LETTER FROM KYOTO
By Janice Tay
FIND me a clothes line, hang me up to dry - or I shall throw myself into a tumble dryer.
The rainy season is here. The Japanese call it tsuyu but I call it The Great Damp. Even when the weather's fine, the air is thick with moisture that seeps into you, into clothes, into bedding, and into the top of my fridge, which has taken up mould farming.
On the days that it storms hard enough to wash angels out of the sky, I stay indoors and read. More often than not, a book about the rain and its many names ends up in front of me.
There are the names that tell you when, how long and how hard. Hijigasa ame - elbow umbrella rain - the one that comes so suddenly you have to shelter yourself with your sleeve while you run for shelter.
Hito shibori - one wring - not long but heavy, as if someone has wrung a rain cloud dry.
A close cousin, ippatsu ame - one blast rain - stops almost as soon as it starts.
Then there are the rains named for their shape, named because they look like thread, zeros, cat fur or the shafts in a bamboo forest.
Every now and again, there is kai u - strange rain. Fish, frogs, tadpoles and worms have all apparently splattered down from the heavens, the victims, according to one theory, of whirlwinds or tornadoes that sucked them up into the air.
A more everyday oddity: The rain that comes even when the sun shines. Fox rain is one name for this, probably from folktales of foxes taking on human form to deceive. Another name: rainbow pee.
There are also the names that remind you that it's never just water spilling from the sky; there's always someone at the other end who will be dampened, drenched or delighted. And that someone need not be human.
In spring, there is yuei u - flower pleaser - just as there is mugi kurai: barley devourer. In summer, there is baba odoshi - granny scare - a sudden downpour in the afternoon that sends someone who has left beans or other things out to dry into a panic.

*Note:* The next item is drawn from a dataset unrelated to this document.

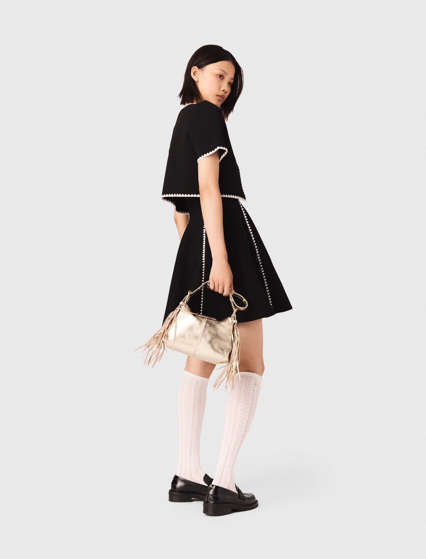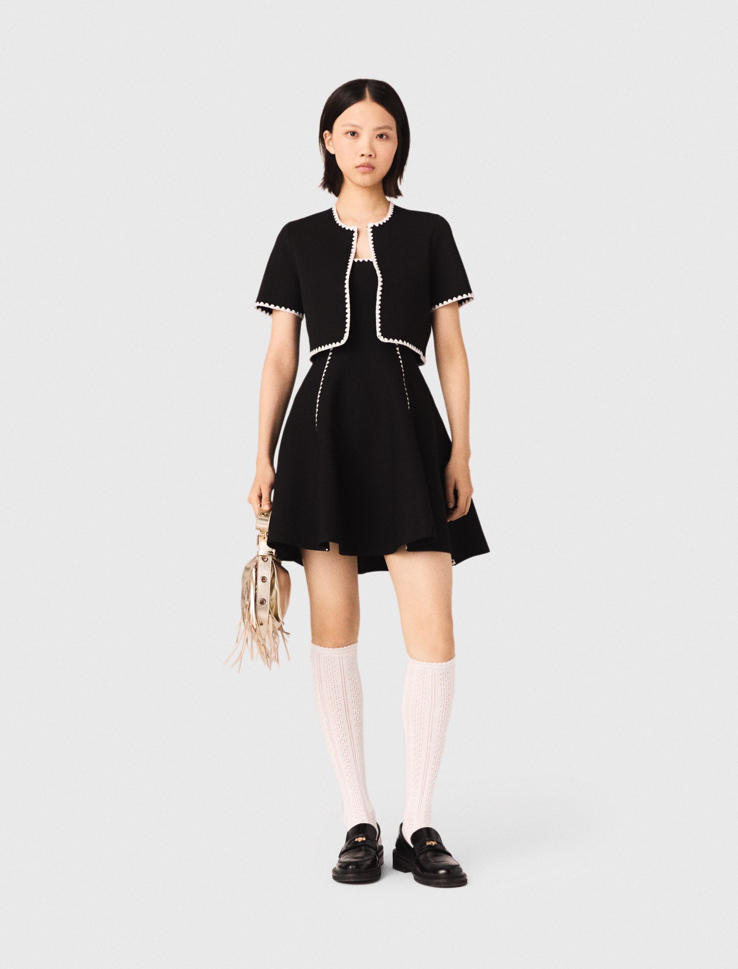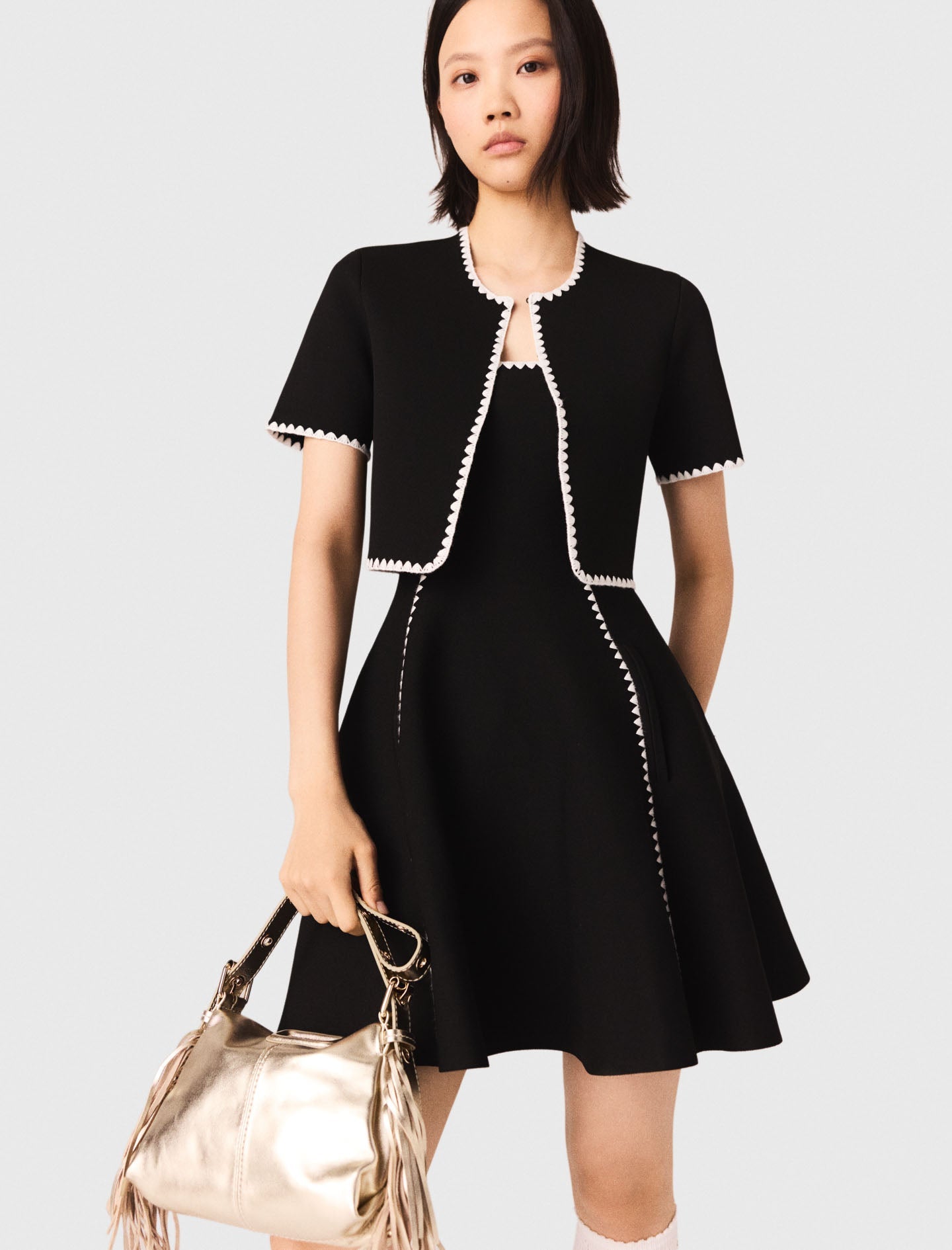 This piece plays on contrasts with its white scalloped trim accentuating every edge, its short sleeves and its cropped fit. Wear it open or closed for an assertive, contemporary look.

Regardless of season, there is yarazu no ame. It falls hard when a guest or lover is about to leave, and holds them back a little longer.
The rain here comes so close, it pours inside the body. Ji u - ear rain - a ringing in the ears. Kokoro no ame - heart rain - something that covers a heart, and will not let light in.

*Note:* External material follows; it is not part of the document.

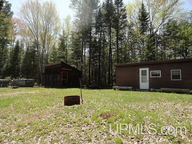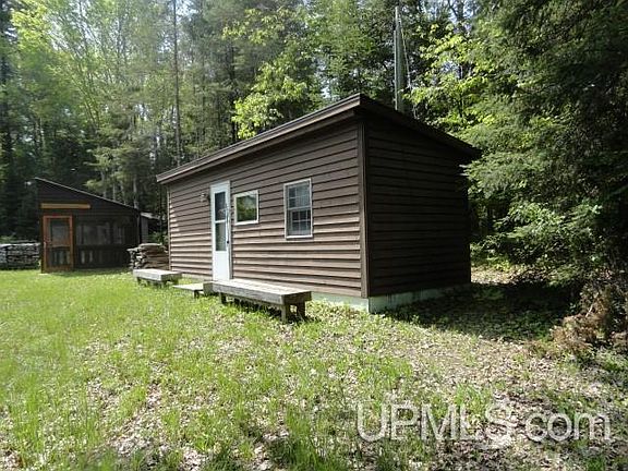 Cozy 8x24 "camp" that features kitchen area with sink, refrigerator and 2 burner LP cooktop; twin beds at one end and 3/4 bath at the other. Plenty of storage under the beds and in the bench at the foot of the bed. Cedar sided with metal roofing on shed styled roof. Perfect place to relax and enjoy while you build your permanent home - OR - just enjoy getting away. Property also includes an 11x16 screened in pavilion, an 8x16 storage shed, and block constructed well house. Branch of Sturgeon River borders the Northern boundary of the property.
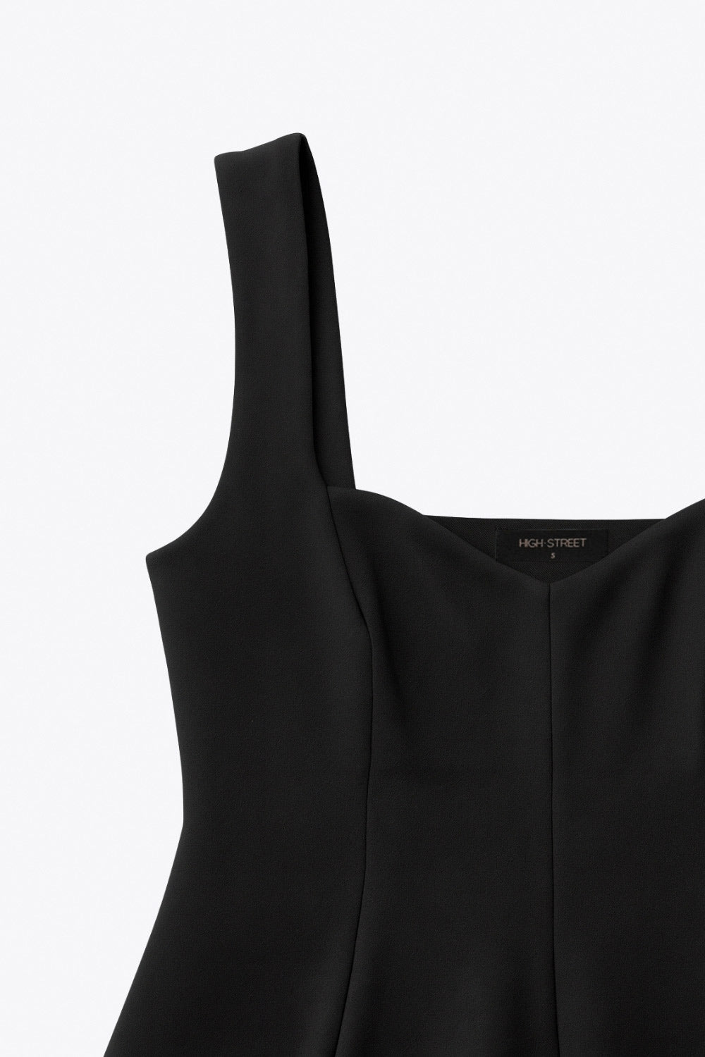 Top de tirantes, fit ajustado, escote corazón, costuras frontales y peplum con olanes en cintura.

But the most common rain names are those that show the season. Kan ake no ame - frost end rain - falls around the first day of spring though the rains of this period are still cold, sometimes mixed with snow or ice.

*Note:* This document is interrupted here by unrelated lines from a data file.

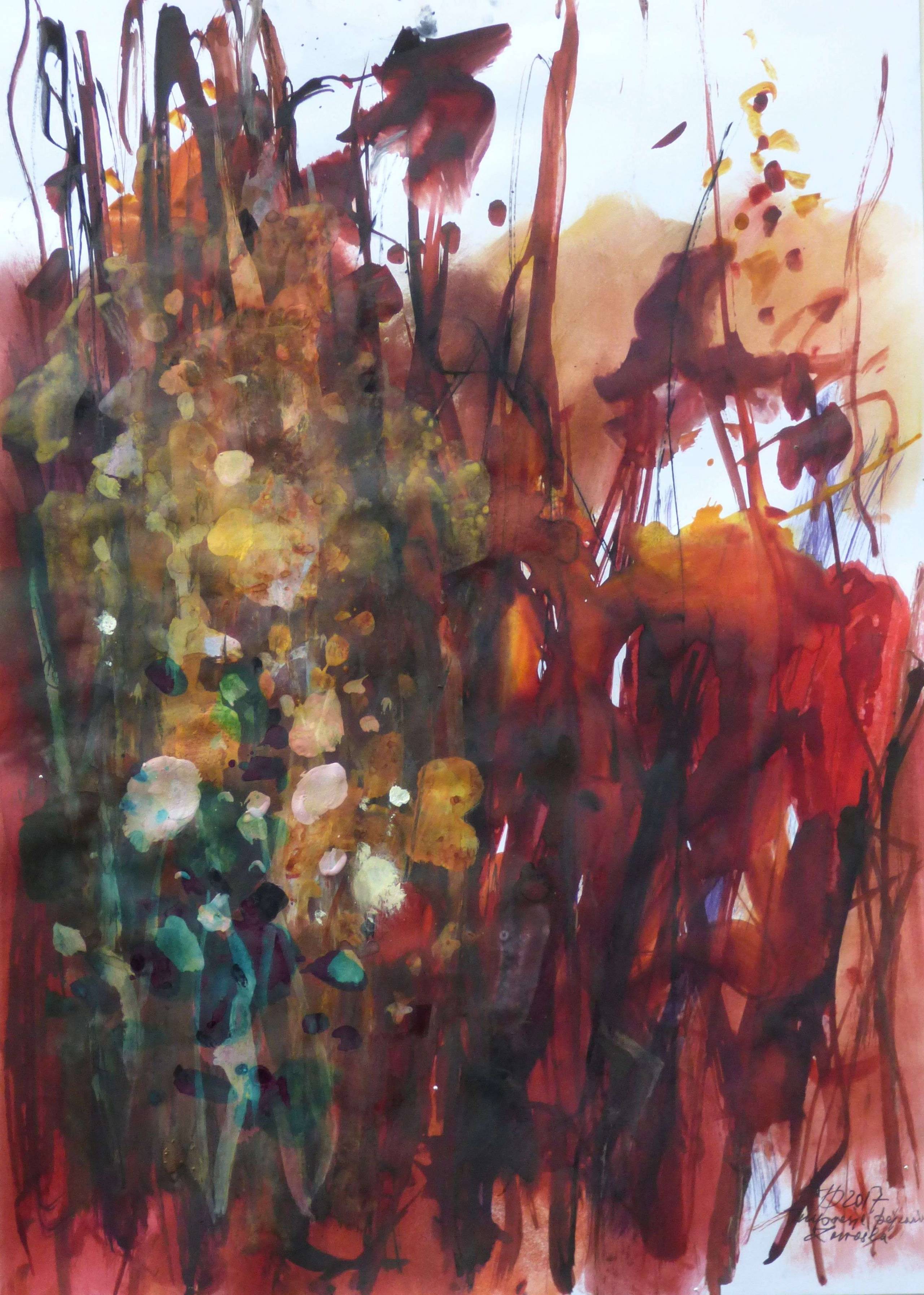 Obraz tętni kolorami, które przypominają barwy jesieni. Ciepłe odcienie czerwieni, pomarańczu i żółci mieszają się z ciemniejszymi plamami zieleni i czerni. To jakby ktoś rozsypał kilka tubek farb na płótnie i pozwolił, by tworzyły własną historię. Kompozycja zdaje się chaotyczna, ale w tym szaleństwie jest metoda. Artysta zręcznie posługuje się techniką akwareli, ukazując płynność i lekkość farb. Czy czujesz to? Tę subtelną grę światła i cienia? Atmosfera tego dzieła jest tajemnicza, niemalże melancholijna, jak powiew wiatru podczas chłodnego wieczoru. Może nawet trochę smutna. Ale, jak mawiają, sztuka jest subiektywna. Każdy widzi coś innego. Dla mnie to jakby sekretny ogród, z którego wyłaniają się zapomniane wspomnienia, a dla kogoś innego – może być po prostu plamą kolorów. "Look!", powiedziałoby dziecko. Więcej pytań niż odpowiedzi. To dzieło może wywoływać różne emocje. Jedni poczują spokój, inni mogą poczuć przytłoczenie. Jedno jest pewne: nie można przejść obok niego obojętnie. To jest prawdziwy force of nature w kategorii ekspresjonizmu. Zajrzyj głęboko w siebie i spróbój znaleźć odpowiedź na pytanie – co to mówi do ciebie?
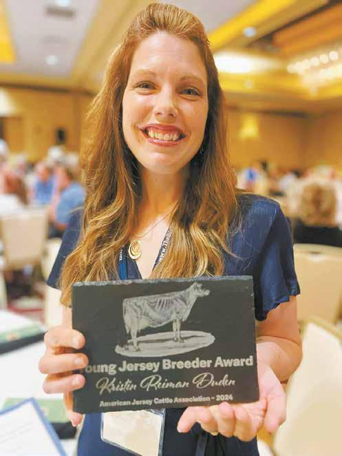 Kris n Reiman Duden holds her plaque June 19 at Sheraton Springeld Monarch Place Hotel in Springeld, Massachuse s. Reiman Duden found out in March that she would be receiving the Young Jersey Breeders Award.
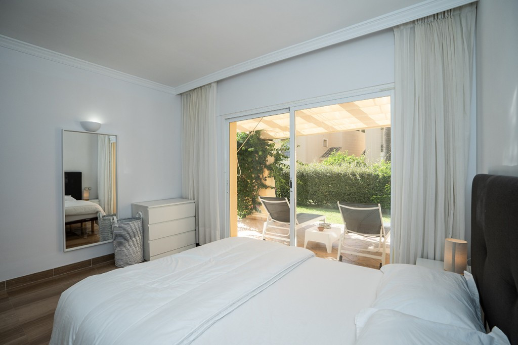 This beautifully refurbished apartment is nestled in one of Elviria's most sought-after complexes in East Marbella, offering the perfect blend of luxury and convenience. Just a short stroll from the beach and vibrant local amenities, this original two bedroom property has been converted to offer three spacious bedrooms and two modern bathrooms. The master bedroom features an elegant en-suite bathroom, while a second bathroom serves the remaining rooms. The heart of the apartment is its brand-new open-plan kitchen, seamlessly flowing into a bright living area. From here, step out onto the expansive covered terrace that leads to your own private garden – ideal for al fresco dining or relaxing in serene surroundings.
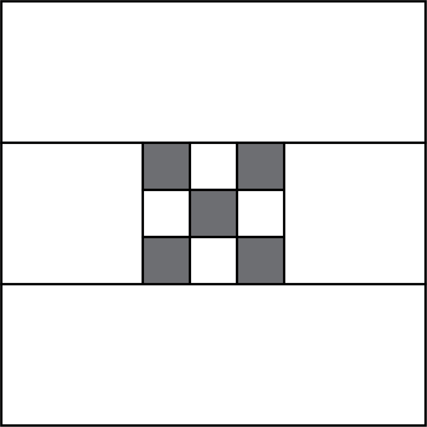 The star of this block is the nine patch center. Arrange your 1½″ squares in a simple 3x3 grid, taking care with placement if you’re mixing colors or using directional prints. Sew your rows together, then join the rows into a finished nine patch.
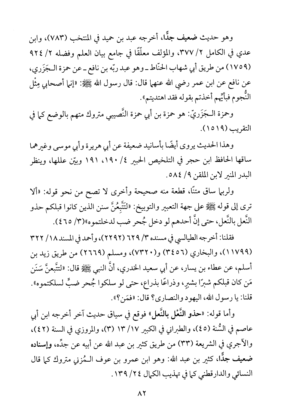 ولربما ساق متنًا، قطعة منه صحيحة وأخرى لا تصح من نحو قوله: "ألا ترى إلى قوله -صلى اللَّه عليه وسلم- على جهة التعبير والتوبيخ: "لتَتَّبِعُنَّ سنن الذين كانوا قبلكم حذو النَّعل بالنَّعل، حتى إنَّ أحدهم لو دخل جُحر ضب لدخلتموه" (٣/ ٤٦٥).
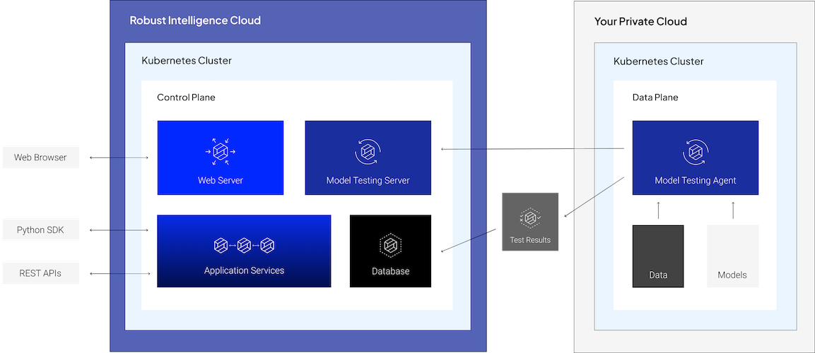 This means that your data and models stay within your organization’s cloud, and you have full control over the compute infrastructure for model testing. Results of these tests are uploaded to the Robust Intelligence cloud, where they are served by a dedicated control plane cluster.

Much warmer is banbutsu jou - all creation - which revives all those that winter left for dead. And when life returns, so does colour. Kurenai no ame - crimson rain - is the rain spanning the weeks when flowers of every shade of red - azaleas, rhododendrons, peach - bloom.
The summer entrant aoba ame - green leaf rain - follows, coating leaves so they look even shinier.
Splitting summer in two is the rainy season, tsuyu. Mukaezuyu - welcoming tsuyu - may go out to meet it. It appears before the season begins in earnest, raining on and off for a few days.
There are times when the rains don't come as expected. Farmers dread the empty tsuyu; its other name: withered tsuyu.
Also feared is abarezuyu - rampaging tsuyu. A deluge that roars down from day to night, it swells rivers until they burst.
A stretch of fine days around the middle of July may lead you to think that the rainy season is over. But sometimes kaerizuyu - returning tsuyu - nips back and keeps the weather wet for another two or three days.
With autumn, the rains grow cold and hawks go south. The rain that comes when they leave: taka watari - hawks crossing.
After they go, the days grow only colder, bringing at times amayuki - rain mixed with snow. Another winter visitor: kazahana, wind flowers. Early in the season, under a clear sky, the wind sometimes snatches up snow and drizzle, tossing them about before letting them fall.
But the days of wind flowers are still far off. It is tsuyu now, The Great Damp, and today promises to be wet again - more time, perhaps, to stay in and read about rains so that when they come, I may greet them by their proper name.